Vote:November 14th, 2010 at 10:46 am
Oh and by the way you were to selective when you copied the clause. I know the rest of the clause didn’t support your position, but it was disingenuous of you to leave it out trying to make it seem like you were on the high ground. I have added it for your benefit, please use it when considering the interpritations BEING USED TODAY by ex employees and their lawyers to extort money from employers.
114 Raising personal grievance
Vote:(1) Every employee who wishes to raise a personal grievance must, subject to subsections (3) and (4), raise the grievance with his or her employer within the period of 90 days beginning with the date on which the action alleged to amount to a personal grievance occurred or came to the notice of the employee, whichever is the later, unless the employer consents to the personal grievance being raised after the expiration of that period.
November 14th, 2010 at 1:41 pm
badmac, you are dreaming. There is nothing in the whole clause than can be “reinterpreted”, it says what it says.
You must raise the grievance within 90 days. If you don’t the employer doesn’t have to consider it. That’s a time limit. QED
FFS be a man. Be honest enough to admit you got it wrong. That way I might have some respect for you.
Its no biggie, just an error. Or are you incapable of error?
Vote:November 14th, 2010 at 5:30 pm
Its a law written by you lefties that can do no wrong.
Let me underline it and see if you can see the problem.
114 Raising personal grievance
————– came to the notice of the employee ———————————
That HAS been interpreted to mean, when you think/remember/dream of it, you have 90 days to make the complaint.
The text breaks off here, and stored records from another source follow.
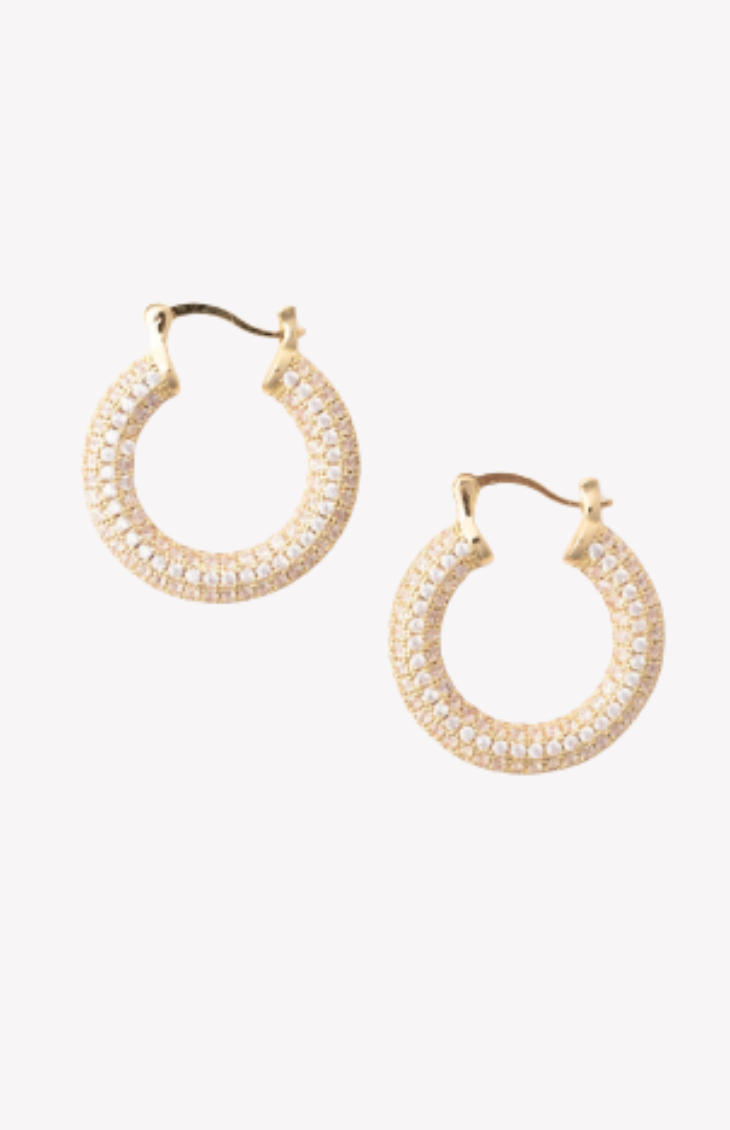 The Adrianna Earrings are the perfect blend of sparkle and sophistication. Designed in a classic hoop silhouette, these earrings feature rows of shimmering stones that catch the light from every angle, creating a radiant, eye-catching finish. Their timeless shape paired with elevated detailing makes them an effortless choice for both everyday glam and special occasions.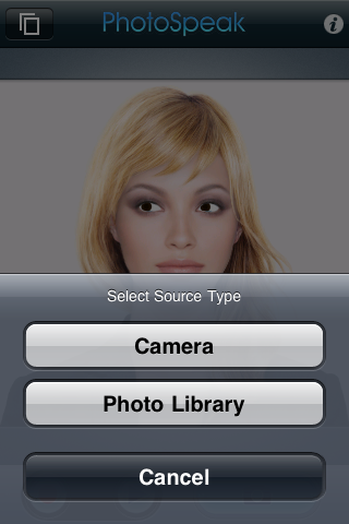 首先先拍攝一張臉朝正面的大頭照~ 按右下角的相機圖示,選「Camera」即開啟相機功能,或是選「Photo Library」便可以從您的相簿選取圖片~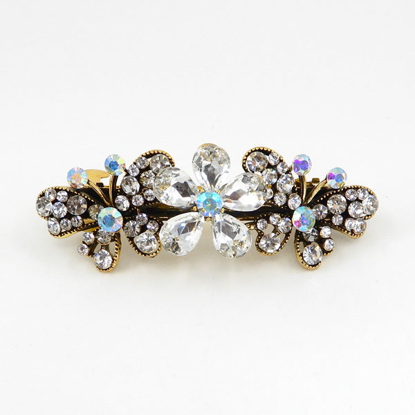 Glass Stone Floral Butterfly Embellished Metal Barrette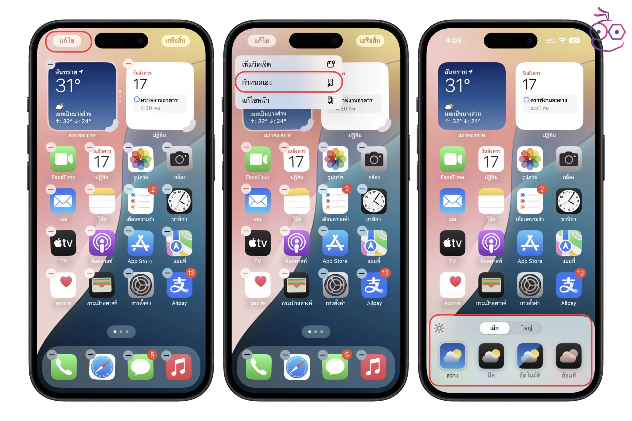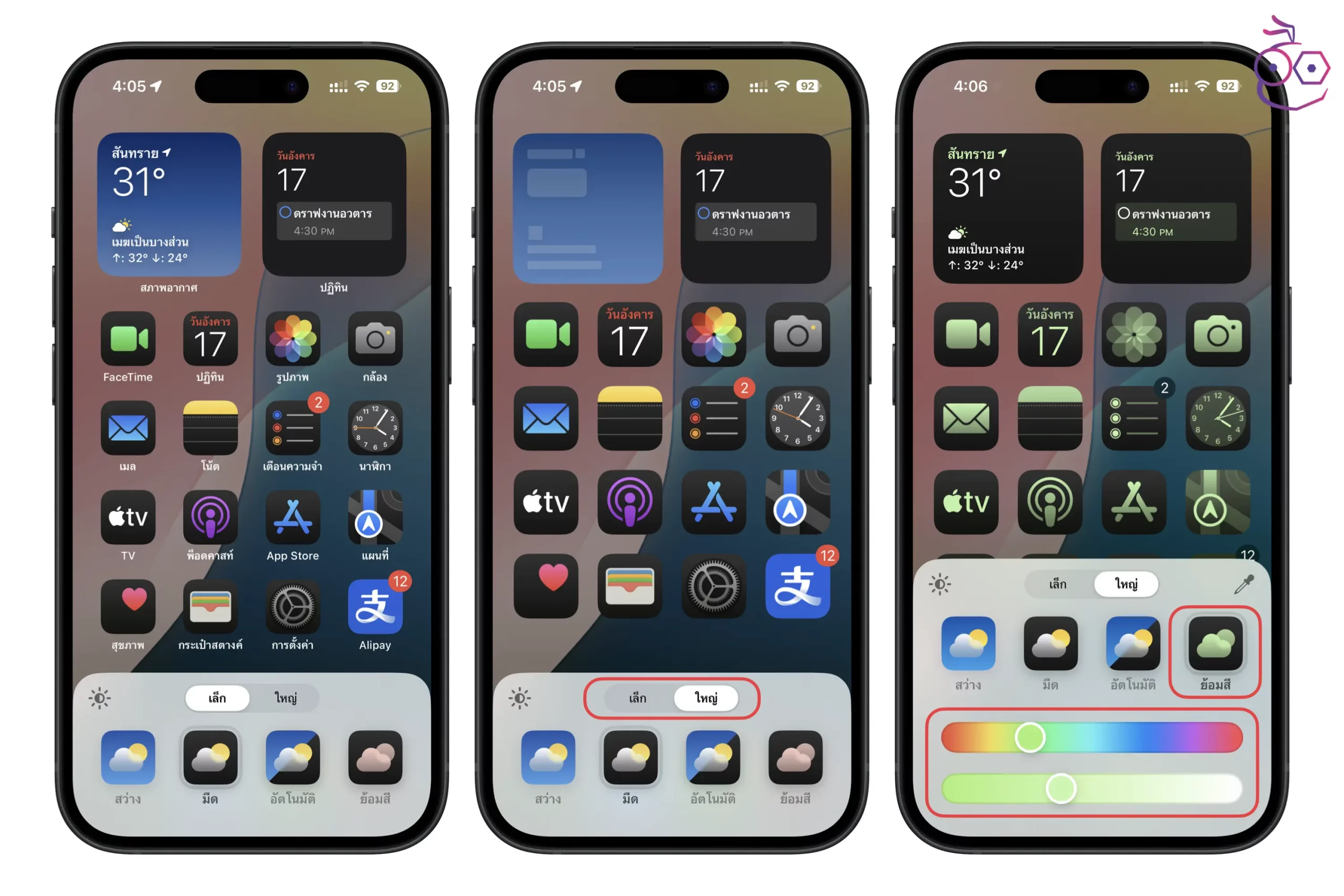 เลือกโทนสีของไอคอนแอป เป็นแบบ สว่าง มืด หรืออัตโนมัติตามเวลากลางวันและกลางคืน > สามารถแตะไอคอนรูปพระอาทิตย์มุมซ้าย เพื่อปรับโทนสีพื้นหลังเป็นสว่างและมืดได้ > ปรับขนาดไอคอนแอปแบบเล็กหรือใหญ่ (ถ้าเป็นขนาดใหญ่ จะไม่แสดงชื่อแอป) > สามารถย้อมสีไอคอนแอปตามที่ต้องการได้ด้วย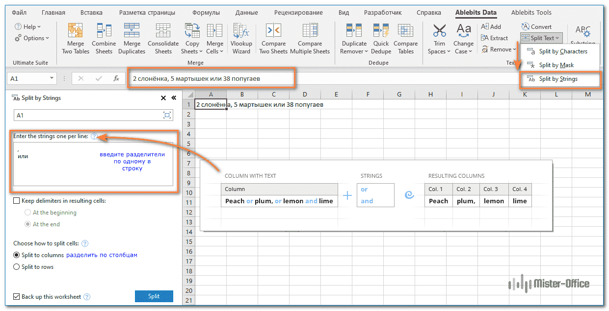 Как разделить ячейки в Excel с помощью функции разделения текста Split Text.

Not when the event happened!!!!!!!!!, BUT when you became aware that it was “potential lucrative for you to remember it” as such it has NO limitation, the 90 days only applies for how long you have to complain after you became aware. Such as 20 years later “Oh I didn’t know my boss from 20 years ago couldn’t do that, I guess I can take a PG as I have just become aware”.
Vote:November 14th, 2010 at 7:30 pm
I see. So 20 years later you suddenly think: “Gee, I must have been fired in 1990, I thought I had dreamed it, but maybe it was really true…..it didn’t come to my notice when the boss said ”Ýou’re fired” because I wasn’t really listening. It didn’t come to my notice when I never went back to work there, I thought I’d just forgotten the address…….”
Don’t be idiotic. Just admit you got it wrong and we can move on.
Start with: ”Maggie, you are right……..” and carry on from there.
Vote:November 14th, 2010 at 8:03 pm
You are a complete idiot, just admit you don’ t know what the f**k you are talking about. I know because it cost me $5,000 to settle out of court 7 months after i fired somebody for being under the influence of illegal drugs, not once, not twice, not even 3 times but everyday for 4 weeks. I sent him home, paid for councilling and even involved his parents. Then he turned up 2.5 days late smashed and I marched him out. He later accused me of constructive dismissal and took a pg via some dick head auckland lawyer who worked on a percentage of any money gained basis. My lawyer told me it would cat between $10 and $20 k to defend and I would certainly win. I settled and moved on.
This employee was taken on under the 90 day rule and was a model employee for 90 days. Then for the next 4 months he was absent more than he was in attendance. It went down hill when I finally started docking his pay (I gave him over 20 paid sick days even though he was entitled to none until 6 months).
So Maggie, I accept your appology for your comments. I undertand that you don’t know what you are talking about (again) I am now moving on as once again like a pig in shit you don’t know when to stop.
Vote:November 14th, 2010 at 8:23 pm
Now I understand. You are a bitter human being incapable of ever admitting you were wrong.
I do apologise, I am genuinely sorry you are such a embittered individual. Hopefully one day you will get over it and be able to move on.